◆ What is expected:
Print, in exact form, the lines below from the one containing "También se ha" through the one containing "بر دور جام زرین", and omit all others.
__________
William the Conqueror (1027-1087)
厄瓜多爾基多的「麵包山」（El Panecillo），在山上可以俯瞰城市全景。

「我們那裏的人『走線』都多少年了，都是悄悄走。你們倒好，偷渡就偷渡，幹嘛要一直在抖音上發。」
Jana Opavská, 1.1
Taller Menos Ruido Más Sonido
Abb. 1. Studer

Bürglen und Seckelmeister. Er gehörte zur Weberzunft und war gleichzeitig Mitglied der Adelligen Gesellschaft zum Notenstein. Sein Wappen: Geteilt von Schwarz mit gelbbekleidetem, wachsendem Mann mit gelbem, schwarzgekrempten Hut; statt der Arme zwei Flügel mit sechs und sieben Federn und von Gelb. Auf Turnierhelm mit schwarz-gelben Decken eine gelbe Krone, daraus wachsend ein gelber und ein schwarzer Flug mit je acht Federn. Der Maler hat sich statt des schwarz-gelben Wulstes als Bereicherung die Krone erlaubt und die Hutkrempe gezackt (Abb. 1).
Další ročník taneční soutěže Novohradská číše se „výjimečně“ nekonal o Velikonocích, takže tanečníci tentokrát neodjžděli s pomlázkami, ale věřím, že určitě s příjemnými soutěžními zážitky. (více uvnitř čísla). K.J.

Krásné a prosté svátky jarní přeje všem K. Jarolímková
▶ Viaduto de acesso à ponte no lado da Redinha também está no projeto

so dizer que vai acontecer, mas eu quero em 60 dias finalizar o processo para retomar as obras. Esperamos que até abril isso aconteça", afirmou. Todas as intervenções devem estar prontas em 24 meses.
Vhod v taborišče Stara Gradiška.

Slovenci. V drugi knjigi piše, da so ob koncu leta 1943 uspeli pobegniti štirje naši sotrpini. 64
__________
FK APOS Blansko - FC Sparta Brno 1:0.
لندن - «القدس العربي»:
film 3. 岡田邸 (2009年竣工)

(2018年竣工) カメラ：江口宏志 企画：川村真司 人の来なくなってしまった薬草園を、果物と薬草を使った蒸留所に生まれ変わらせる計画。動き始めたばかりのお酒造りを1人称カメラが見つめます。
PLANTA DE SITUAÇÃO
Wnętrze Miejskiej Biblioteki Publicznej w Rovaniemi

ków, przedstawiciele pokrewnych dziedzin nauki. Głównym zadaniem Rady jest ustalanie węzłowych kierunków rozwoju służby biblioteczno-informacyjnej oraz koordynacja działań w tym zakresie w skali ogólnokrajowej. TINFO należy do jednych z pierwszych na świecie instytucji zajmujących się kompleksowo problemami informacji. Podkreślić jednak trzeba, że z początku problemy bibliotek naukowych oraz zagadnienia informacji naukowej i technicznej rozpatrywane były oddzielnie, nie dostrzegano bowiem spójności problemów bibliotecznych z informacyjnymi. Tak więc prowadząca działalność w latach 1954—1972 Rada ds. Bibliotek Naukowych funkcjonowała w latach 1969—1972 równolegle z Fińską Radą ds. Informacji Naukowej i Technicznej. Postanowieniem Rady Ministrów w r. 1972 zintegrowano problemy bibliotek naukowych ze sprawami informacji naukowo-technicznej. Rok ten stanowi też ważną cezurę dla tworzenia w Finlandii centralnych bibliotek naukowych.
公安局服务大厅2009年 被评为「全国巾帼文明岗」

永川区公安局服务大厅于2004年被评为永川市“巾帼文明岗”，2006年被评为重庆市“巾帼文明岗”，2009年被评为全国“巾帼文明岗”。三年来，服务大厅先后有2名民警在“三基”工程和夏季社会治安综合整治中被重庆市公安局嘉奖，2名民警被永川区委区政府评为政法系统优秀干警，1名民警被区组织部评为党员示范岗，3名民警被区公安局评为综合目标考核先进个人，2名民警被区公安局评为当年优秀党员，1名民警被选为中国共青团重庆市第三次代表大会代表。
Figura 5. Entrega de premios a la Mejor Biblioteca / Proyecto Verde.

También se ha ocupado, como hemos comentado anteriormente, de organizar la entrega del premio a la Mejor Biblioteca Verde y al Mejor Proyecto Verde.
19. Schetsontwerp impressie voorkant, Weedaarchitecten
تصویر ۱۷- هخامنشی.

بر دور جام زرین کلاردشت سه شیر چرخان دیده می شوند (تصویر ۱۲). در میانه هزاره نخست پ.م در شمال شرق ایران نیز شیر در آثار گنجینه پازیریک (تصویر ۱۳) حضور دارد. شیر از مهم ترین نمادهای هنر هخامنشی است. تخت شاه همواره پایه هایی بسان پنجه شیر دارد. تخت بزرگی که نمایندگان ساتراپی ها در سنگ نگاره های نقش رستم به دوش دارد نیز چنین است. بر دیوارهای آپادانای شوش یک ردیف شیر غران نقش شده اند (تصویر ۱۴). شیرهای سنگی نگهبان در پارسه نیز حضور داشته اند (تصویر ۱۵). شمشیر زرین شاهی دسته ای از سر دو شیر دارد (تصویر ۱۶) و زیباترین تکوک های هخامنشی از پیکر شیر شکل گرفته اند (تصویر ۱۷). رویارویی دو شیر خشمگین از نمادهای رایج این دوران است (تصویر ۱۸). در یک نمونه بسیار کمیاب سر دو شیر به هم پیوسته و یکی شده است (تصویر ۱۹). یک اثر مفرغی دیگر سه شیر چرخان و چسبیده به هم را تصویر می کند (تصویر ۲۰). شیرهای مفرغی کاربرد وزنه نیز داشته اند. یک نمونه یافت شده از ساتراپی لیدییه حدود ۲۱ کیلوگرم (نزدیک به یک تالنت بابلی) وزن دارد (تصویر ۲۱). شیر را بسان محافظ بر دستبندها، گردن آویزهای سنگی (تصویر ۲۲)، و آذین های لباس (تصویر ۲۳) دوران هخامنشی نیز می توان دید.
__________
◆ Expected answer:
También se ha ocupado, como hemos comentado anteriormente, de organizar la entrega del premio a la Mejor Biblioteca Verde y al Mejor Proyecto Verde.
19. Schetsontwerp impressie voorkant, Weedaarchitecten
تصویر ۱۷- هخامنشی.

بر دور جام زرین کلاردشت سه شیر چرخان دیده می شوند (تصویر ۱۲). در میانه هزاره نخست پ.م در شمال شرق ایران نیز شیر در آثار گنجینه پازیریک (تصویر ۱۳) حضور دارد. شیر از مهم ترین نمادهای هنر هخامنشی است. تخت شاه همواره پایه هایی بسان پنجه شیر دارد. تخت بزرگی که نمایندگان ساتراپی ها در سنگ نگاره های نقش رستم به دوش دارد نیز چنین است. بر دیوارهای آپادانای شوش یک ردیف شیر غران نقش شده اند (تصویر ۱۴). شیرهای سنگی نگهبان در پارسه نیز حضور داشته اند (تصویر ۱۵). شمشیر زرین شاهی دسته ای از سر دو شیر دارد (تصویر ۱۶) و زیباترین تکوک های هخامنشی از پیکر شیر شکل گرفته اند (تصویر ۱۷). رویارویی دو شیر خشمگین از نمادهای رایج این دوران است (تصویر ۱۸). در یک نمونه بسیار کمیاب سر دو شیر به هم پیوسته و یکی شده است (تصویر ۱۹). یک اثر مفرغی دیگر سه شیر چرخان و چسبیده به هم را تصویر می کند (تصویر ۲۰). شیرهای مفرغی کاربرد وزنه نیز داشته اند. یک نمونه یافت شده از ساتراپی لیدییه حدود ۲۱ کیلوگرم (نزدیک به یک تالنت بابلی) وزن دارد (تصویر ۲۱). شیر را بسان محافظ بر دستبندها، گردن آویزهای سنگی (تصویر ۲۲)، و آذین های لباس (تصویر ۲۳) دوران هخامنشی نیز می توان دید.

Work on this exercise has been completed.